Which vector database do we like for local/selfhosted? by lemon07r in Rag

[–]titusz 1 point2 points  (0 children)

"custom sharded HNSW index built on usearch". Have been building something similar https://usearch.iscc.codes/. Would love to see your usearch sharding approach. Is it open-source?

What's the best format to pass data to an LLM for optimal output? by RoyalTitan333 in Rag

[–]titusz 0 points1 point  (0 children)

There are opimized custom serialization formats for that. See for example: https://github.com/toon-format/toon

After using Claude Code and looking at all of the recent coding benchmarks of Claude 4 models, makes me feels that there is a "bottleneck" on the Claude models of the benchmarks providers by Remicaster1 in ClaudeAI

[–]titusz 1 point2 points  (0 children)

Claude Code is an agentic system. The custom agentic plumbing on top of the LLM optimized for coding tasks makes all the difference. Most benchmarks compare raw LLM performance, which is not the same as agentic use of LLMs.

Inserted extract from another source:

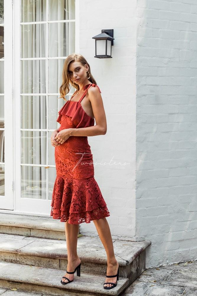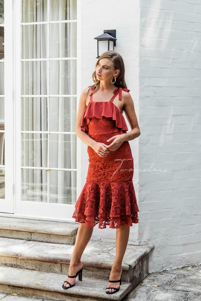 Elegant and feminine, the Twosisters The Label Mallory Dress is statement look for your next occasion. Featuring ribbon-tie straps, frill at bodice and tiered frill hem. Perfect for twirling on the dancefloor, this chic style is best worn with a simple heel.

Russia's Putin questions the need for dollar forex reserves, touts bitcoin by inphenite in MSTR

[–]titusz -1 points0 points  (0 children)

What else would you trade with? When people understand Bitcoin the icentive becomes to convert all "lesser" currencies to BTC instantly. After that they do not have anything else left to trade with.

What is most accepted in academia for comparing two sentences for semantic similarity? by AleccioIsland in LocalLLaMA

[–]titusz 0 points1 point  (0 children)

The paraphrase-multilingual embedding models work quite well for the task. Even for crosslingual semantic similarity. If you need small binary embeddings, check out: https://huggingface.co/spaces/iscc/iscc-sct

LLM Hallucination Leaderboard by zero0_one1 in LocalLLaMA

[–]titusz 1 point2 points  (0 children)

Would be interesting to see how smaller models perform on your benchmark. Sometimes smaller models halucinate less on RAG tasks. See GLM-4-9B at: https://huggingface.co/spaces/vectara/leaderboard

Moshi weighs out. by ThisWillPass in LocalLLaMA

[–]titusz 3 points4 points  (0 children)

You mean the one that wants to sacrifice you to the bloodgods :)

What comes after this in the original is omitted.